In August 2010, independent MP and lord mayor of Sydney Clover Moore introduced the Adoption Amendment (Same Sex Couples) Bill as a private member's bill, which, among other things, had the purpose of giving same-sex couples the right to adopt as a couple instead of as individuals. Both O'Farrell and Premier Kristina Keneally allowed a conscience vote on the bill. O'Farrell supported the reforms: "I support this measure today ... for the sake of children but also because I don't believe our society should exclude because of gender, sexuality, faith, background or some other factor, people who have a contribution they can make... That's not the free and confident society I seek." The bill was passed by the Legislative Assembly 46 votes to 44.
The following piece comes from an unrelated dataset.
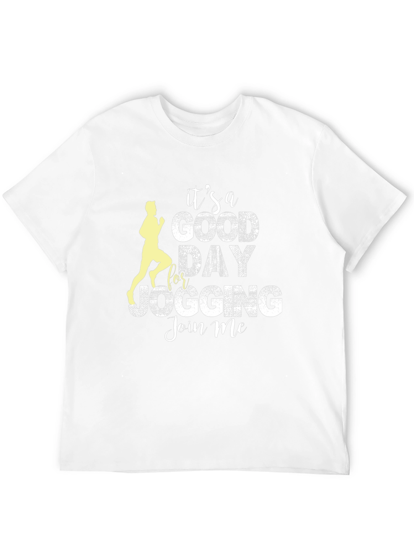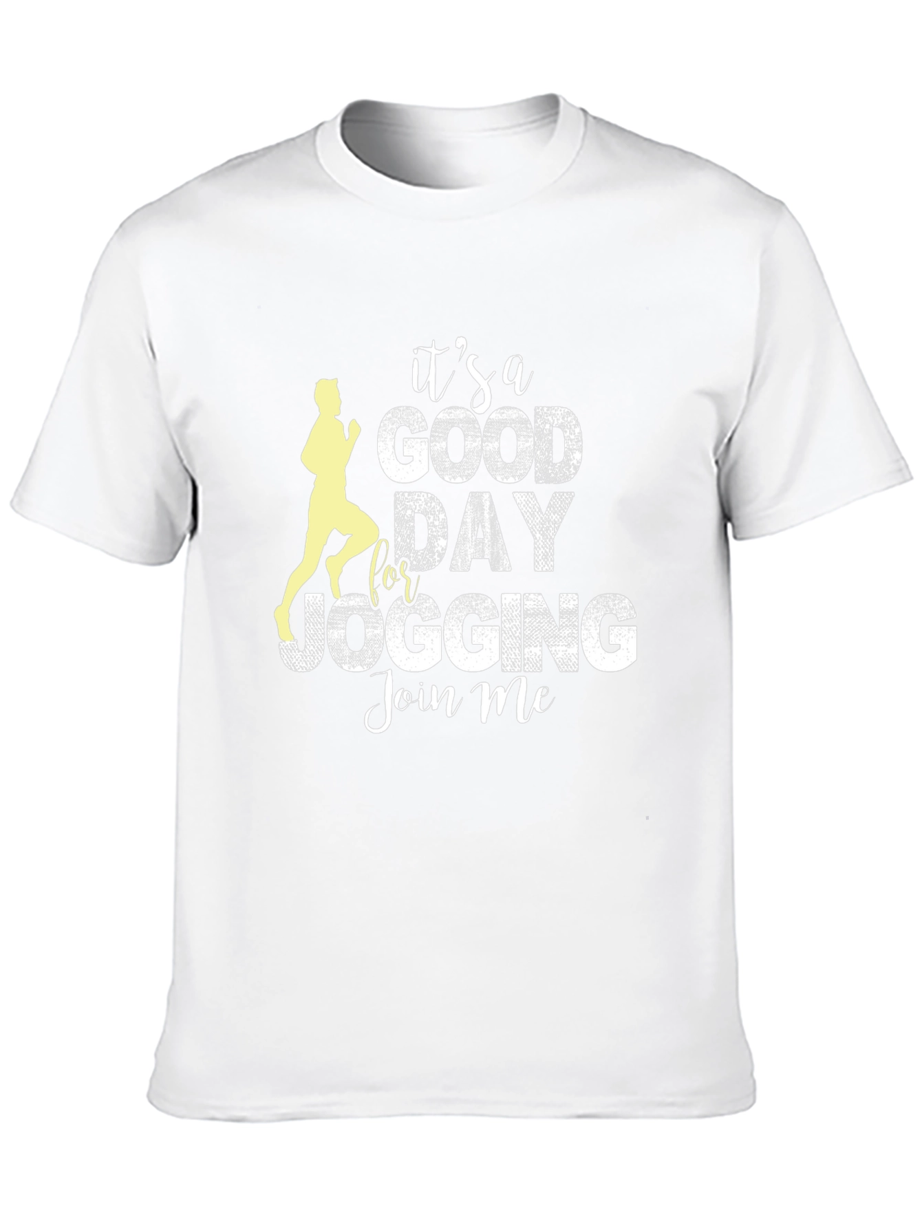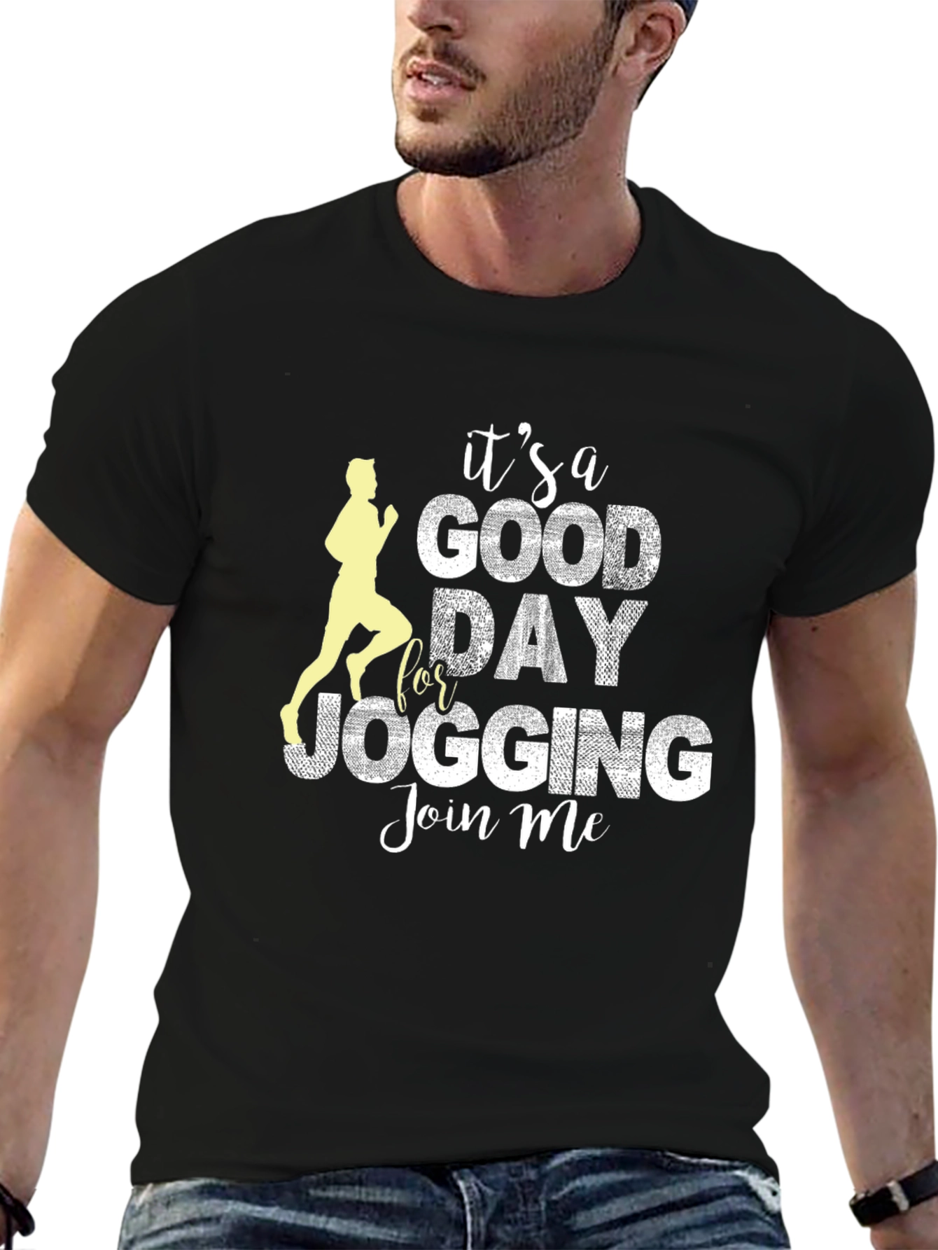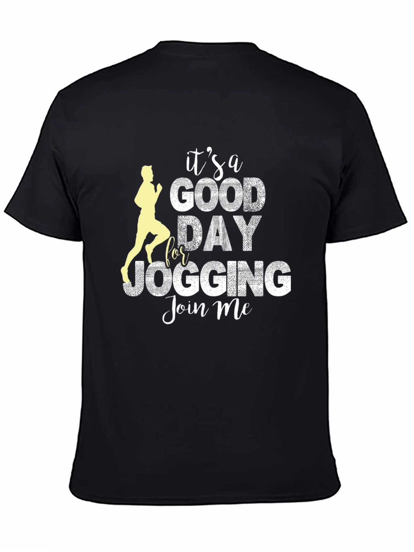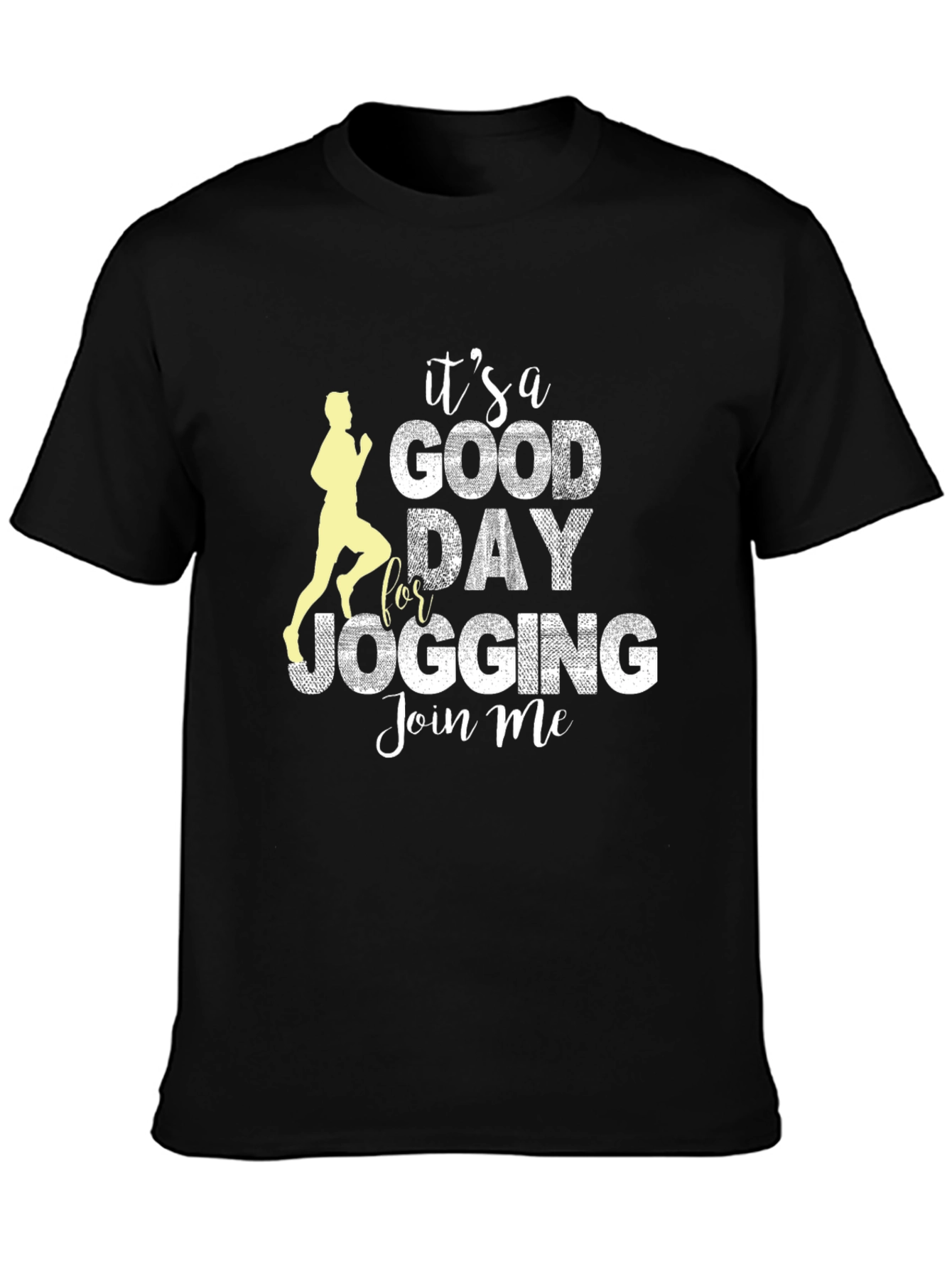 Esta camiseta negra para hombre presenta un diseño llamativo y motivador para los amantes del jogging. En el centro, se aprecia una ilustración de una persona corriendo en color amarillo claro, acompañada del texto "It's a GOOD DAY for JOGGING. Join Me" en letras grandes y en un estilo grunge que le da un toque moderno y urbano. Perfecta para usar durante tus entrenamientos al aire libre o para un look casual con un toque deportivo. Su tejido suave y ligero asegura comodidad durante todo el día. ¡Únete a la tendencia y muestra tu pasión por el running con esta prenda única!

In late 2010, following the government announcement of the sale of NSW's electricity assets, O'Farrell called for a judicial inquiry into the matter. After rejecting a judicial inquiry, Premier Kristina Keneally shut down or "prorogued" Parliament early to try to stop a parliamentary inquiry announced by O'Farrell. O'Farrell maintained pressure on the issue over the Christmas/New Year period arguing the public had a right to know whether fair price had been achieved, why eight directors had resigned over the sale and what impact the sale would have on power bills. On 6 January, Keneally bowed to pressure and agreed to attend an inquiry she had earlier called "unconstitutional".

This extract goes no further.